Sad Books For A Summer Read

Last week we talked about books that make us happy. For balance, we take up books that make a reader sad, that take the reader into the darkest places of the human experience.  Here are some books that are such an emotionally tough read, they might best be read In the sunny days of summer. 

The Bryant Corner Cafe is a warm and cozy place. The sunshine comes streaming the big south facing windows. Steam rises from fresh baked goods and hot off the grill meals. The world looks pretty good.

We had a nice sunny day, hot coffee, iced tea and a plateful of tasty cookies as we discussed murder, rape, mass shootings, imprisonment, genocide and the disintegration of democracy. You can see why we thought these are books that might lend themselves to a summer read. You could look up from the page every once in a while, feel the sun on your face, listen to a few birds sing, watch the leaves rustle in a cooling breeze.  Take a deep breath.  Tell yourself that it isn't all so tragic.

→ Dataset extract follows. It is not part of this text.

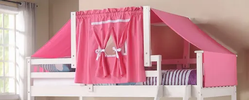 Every child wants to play or sleep under a tent. Now they can have one under their bunk bed, with this combination pink fabric and the White finished wood tent kit color. The tent kit will work on any Donco Kids twin bunk top or loft bed.

It's summer. Then dive back in.


Here are a few of the books we talked about.


Nancy says “The Honorable Schoolboy,” by John Le Carre just broke her heart. She can’t imagine ever picking it up again.



The Book of Lamentations” is a modern novel by Rosario Castellanos, about the Mayan Spanish conflicts.

The Bedside Book of Bastards,” Dorothy M. Johnson and R.T. Turner, a light tone about the terrible things people do to one another.

Democracy For Realists: Why Elections Do Not Produce Responsive Government,” Larry Bartels and Christopher Achen. One reviewer called it brutally depressing.

The novels of Thomas Hardy. His topics are timeless.

“Please Look After Mom,” by Kyung-sook Shin is a novel of Dickensian extremes that had South Korean readers weeping.

King’s Leopold’s Ghost,” by Adam Hochschild.

Spain In Our Hearts: Americans in the Spanish Civil War 1936-1939,” also by Adam Hochschild. There is a personal connection for Nancy. Her father fought in that war.

To The Power of Three,” by Laura Lippman and “We Need to Talk About Kevin,” by Lionel Shriver. These are two books about school shootings.

My Promised Land The Triumph and Tragedy of Israel” by Ari Shavit.

“Imbeciles: The Supreme Court, American Eugenics, and the Sterilization of Carrie Buck,” by Adam Cohen. A sadly revealing history of Eugenics in America.

The Divide,” by Matt Taibbi, is about the gaping divide between the haves and have-nots in America and how that reality affects health, justice and opportunity for all Americans.